> PROBLEM REQUIREMENTS
Although the listing contains pictures, reproduce only its text, exactly as written.

> DATA SHOWN
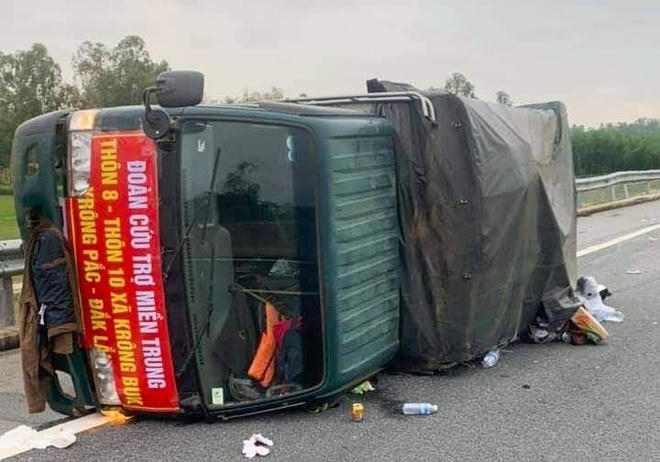 Tại hiện trường, xe tải mang biển số Đắk Lắk lật ngang, hàng hóa trên xe đổ xuống đường. Thời điểm gặp nạn xe tải đang chở hàng cứu trợ từ Đắk Lắk ra các tỉnh miền Trung thì gặp nạn. Sau vụ tai nạn, hàng hóa cứu trợ trên xe cũng được một số đoàn thiện nguyện bốc lên xe để tiếp tục hành trình.
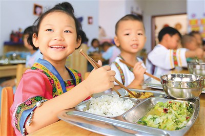 在貴州省黔東南苗族侗族自治州凱里市易地扶貧搬遷后新建的幼兒園內(nèi),孩子們一起吃免費(fèi)“營養(yǎng)午餐”! 羌髷z(新華社發(fā))
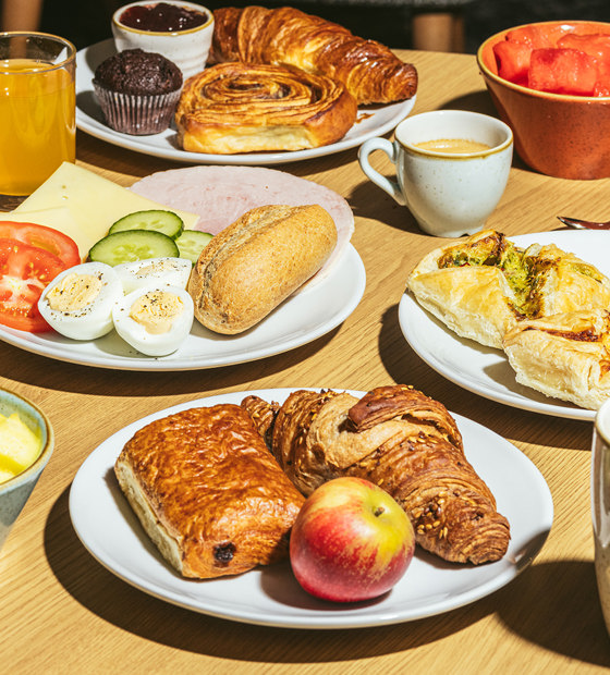 Our continental breakfast includes a selection of pastries, sweet and savoury, vegan and gluten-free options too. There is a choice of cereal and granola, yogurts, fresh fruit, and hard-boiled eggs. Rolls with butter, jam, cheese; juices, teas and coffees are also included. Breakfast is free when you book direct!

> RESULT FOR THIS TASK
 Tại hiện trường, xe tải mang biển số Đắk Lắk lật ngang, hàng hóa trên xe đổ xuống đường. Thời điểm gặp nạn xe tải đang chở hàng cứu trợ từ Đắk Lắk ra các tỉnh miền Trung thì gặp nạn. Sau vụ tai nạn, hàng hóa cứu trợ trên xe cũng được một số đoàn thiện nguyện bốc lên xe để tiếp tục hành trình.
 在貴州省黔東南苗族侗族自治州凱里市易地扶貧搬遷后新建的幼兒園內(nèi),孩子們一起吃免費(fèi)“營養(yǎng)午餐”! 羌髷z(新華社發(fā))
 Our continental breakfast includes a selection of pastries, sweet and savoury, vegan and gluten-free options too. There is a choice of cereal and granola, yogurts, fresh fruit, and hard-boiled eggs. Rolls with butter, jam, cheese; juices, teas and coffees are also included. Breakfast is free when you book direct!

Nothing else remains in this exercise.